According to a Dashanami legend, Madhusudana Sarasvati complained to the Mughal emperor Akbar about Muslim attacks on Hindu ascetics. Akbar's courtier Birbal suggested that Sarasvati initiate non-Brahmin members in his group and arm them. This legend has been passed down through oral tradition, and its historicity is not confirmed by historical texts. However, J. N. Farquhar believed that it had some historical basis.

==Sources==
- Gupta, Sanjukta (2013). "Advaita Vedanta and Vaisnavism: The Philosophy of Madhusudana Sarasvati"

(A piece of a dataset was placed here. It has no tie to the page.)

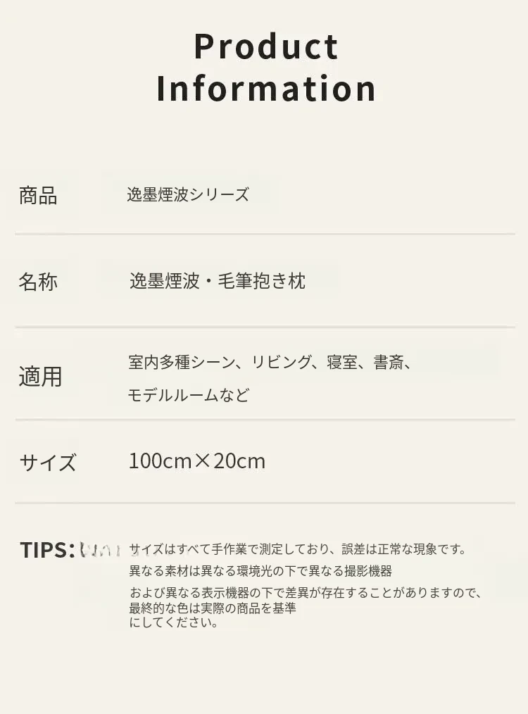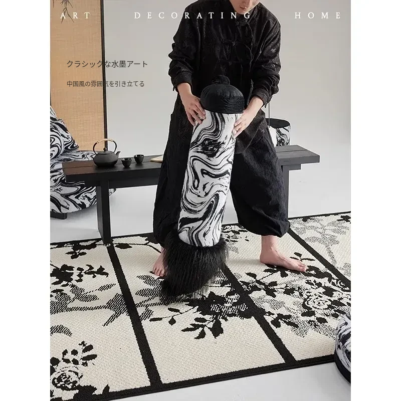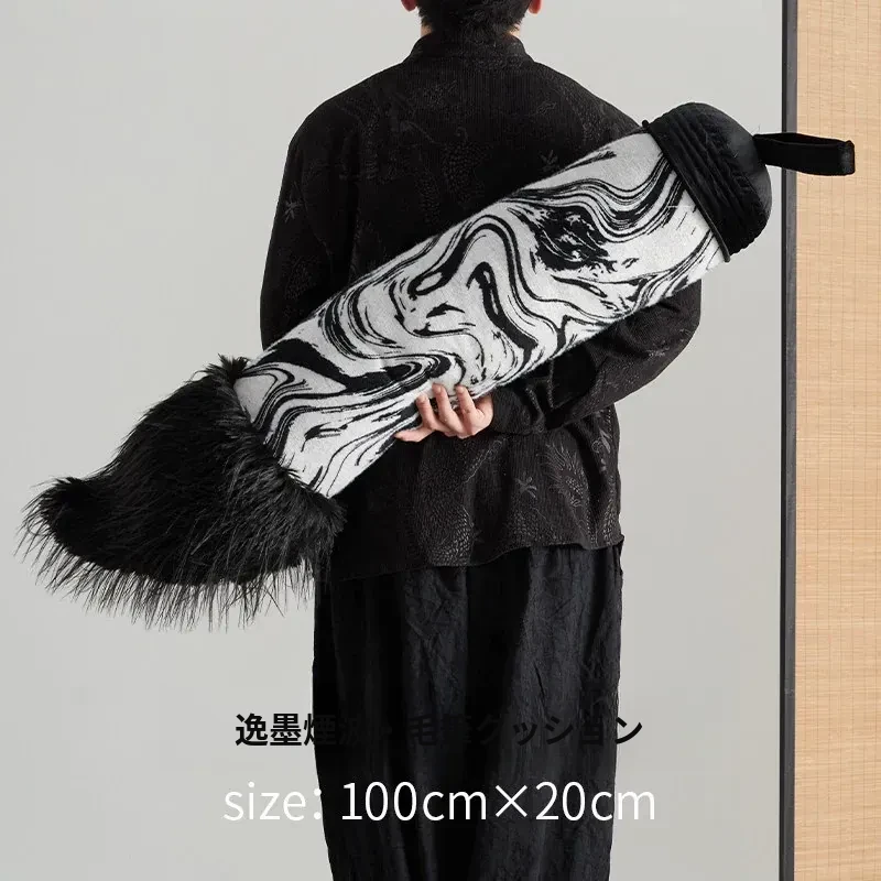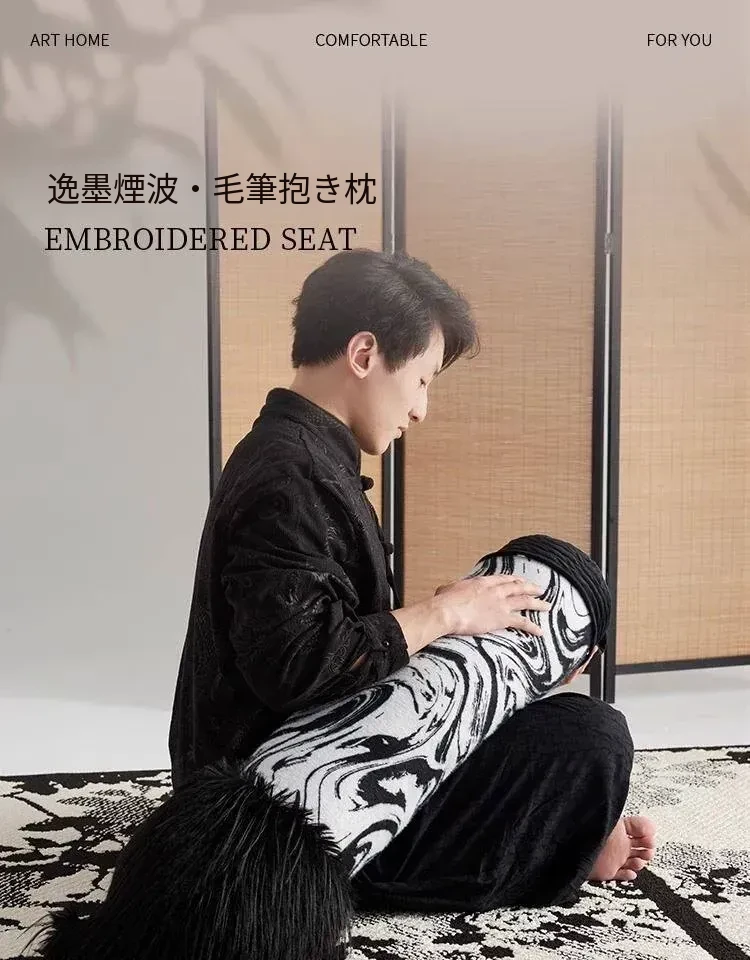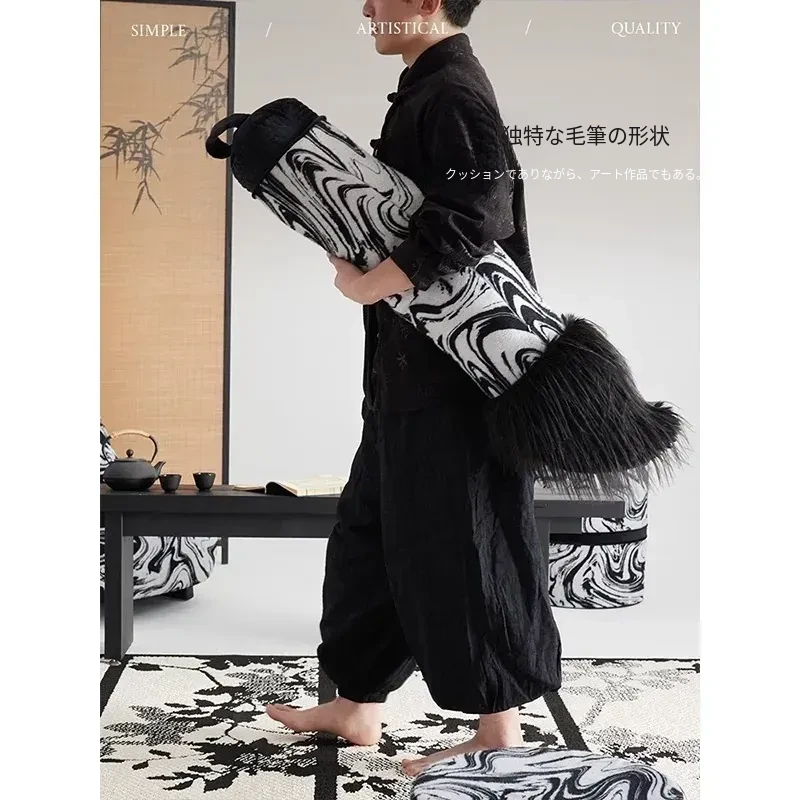 新中式毛筆デザインの抱き枕 - 創造的な黒白色の背もたれクッション、リビングルームや寝室にぴったり!長方形のソファクッションで、スタイリッシュなサポートを提供します。

- Karl H. Potter, "Madhusūdana Sarasvatī" (in Robert L. Arrington [ed.]. A Companion to the Philosophers. Oxford: Blackwell, 2001. ISBN 0-631-22967-1)
- Sarvepalli Radhakrishnan, et al. [edd], History of Philosophy Eastern and Western: Volume One (George Allen & Unwin, 1952)
- Sharma, B. N. Krishnamurti (2000). "A History of the Dvaita School of Vedānta and Its Literature, 3rd Edition"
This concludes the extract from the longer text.